Occupation Frequency (n)

Laborers, Except Construction 469

Sales Workers, Retail and Personal Services 343

Truck Drivers Heavy and Light 302

Nursing Aides or Orderlies and Attendants 293

Miscellaneous Machine Operators, NEC 198

Kitchen Workers- Food Preparation 169

Janitors and Cleaners 158

Teachers NEC 148

Miscellaneous food preparation occupations 148

Construction Laborers 133

Strains were the injuries most frequently reported when workers fell (n=1516) in 2007. Other types of injuries were contusions (n= 1152), fractures (n= 1009), sprains (n= 679), and multiple physical injuries (n= 660).
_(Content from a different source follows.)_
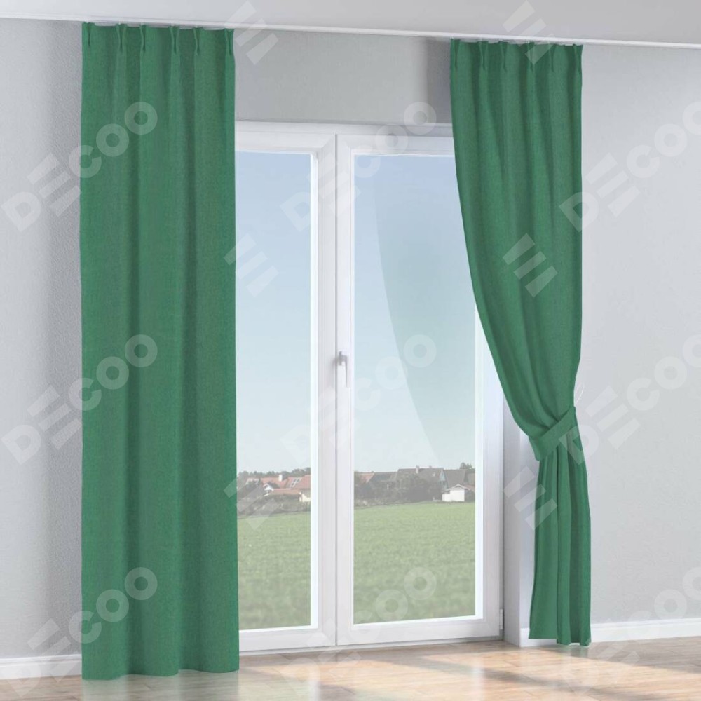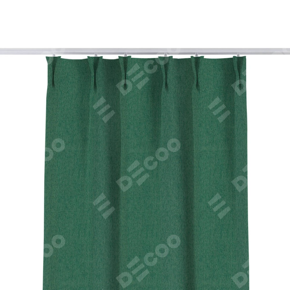 Комплект прямых штор, от производителя «Cortin», пошиты из ткани твид блэкаут зелёный, артикул ткани 21589. С изнаночной стороны в верхней части штор пристрачивается шторная лента с декоративными складками «Кустик». Для создания элегантных складок прямые шторы шьются по стандарту с коэффициентом 1:2 (на 100 см. ширины проёма 200 см. ширины ткани).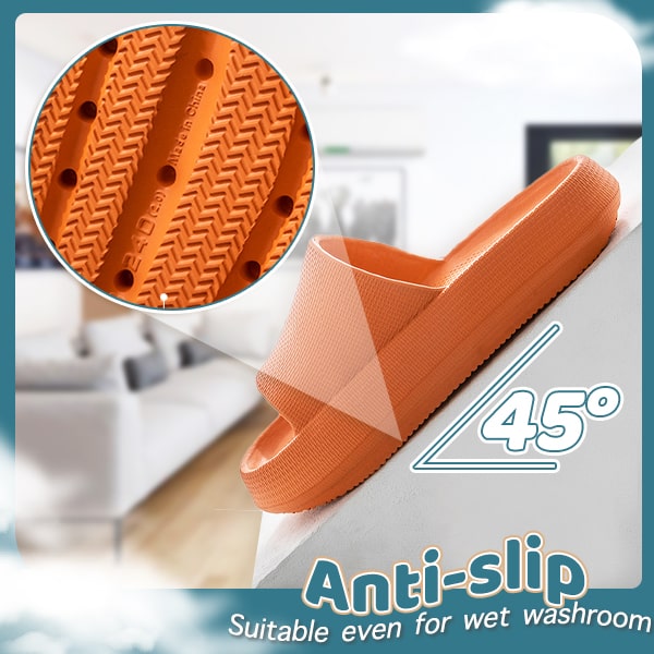 Made of high-quality, skin-friendly EVA material with an amazing durability and cushioning. These pillow slides can withstand years of daily wear and tear without fading or deformation. The pair is fully waterproof and washable so you can freely use them in any wet conditions without the awkward squeaky noise as you step. No worries as these stylish slippers do not emit any odors even after a long wear or get drenched in water.

The body parts most frequently affected in work-related falls were multiple parts (n= 1118), knees (n= 985), ankles (n=597), low back area (lumbar and lower sacral) (n= 533), and shoulders (n= 343).
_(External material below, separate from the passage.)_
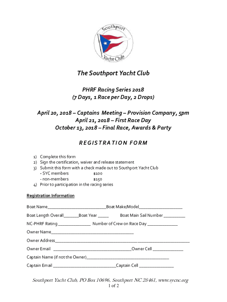 The Southport Yacht Club PHR Racing Series 2018 (7 Days, 1 Race per Day, 2 Drops) April 20, 2018, Captains Meeting Provision Company, 5pm April 21, 2018, First Race Day October 13, 2018, Final Race,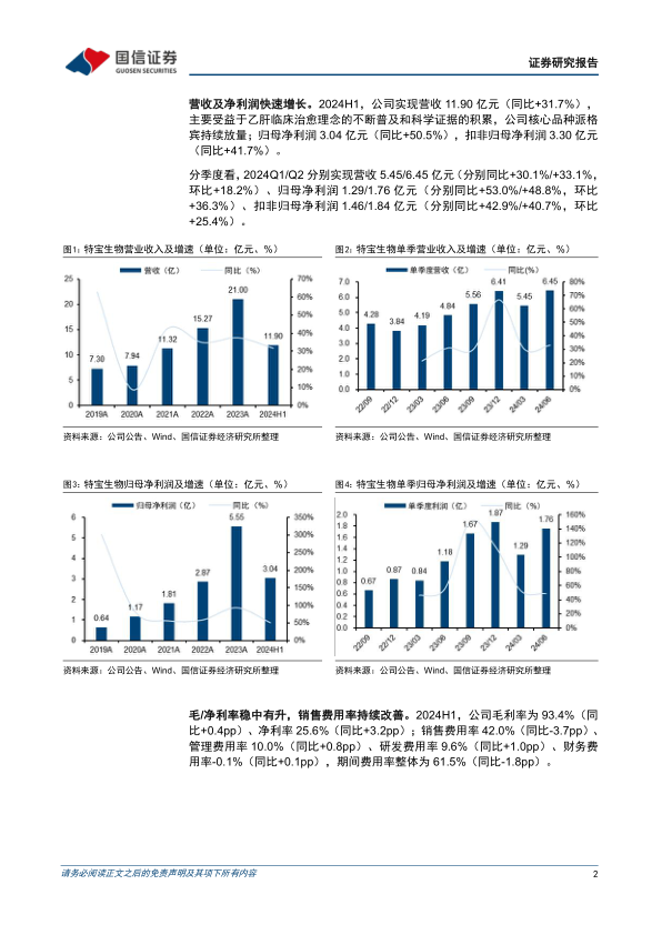 营收及净利润快速增长。2024H1,公司实现营收11.90亿元(同比+31.7%),主要受益于乙肝临床治愈理念的不断普及和科学证据的积累,公司核心品种派格宾持续放量;归母净利润3.04亿元(同比+50.5%),扣非归母净利润3.30亿元(同比+41.7%)。

CONCLUSIONS Kentucky has made significant advances in the reduction of occupational injuries and illnesses. Incidence rates were reduced for total work-related injuries and fatalities, work-related hospitalizations, work-related burns, carpal tunnel syndrome, asbestosis, total pneumoconiosis, blood lead levels, malignant mesothelioma, and fatal occupational motor vehicle collisions for the latest data years available. Prevention efforts this year will continue to focus on the prevention of occupational motor vehicle collisions, occupational poisonings, and occupational falls.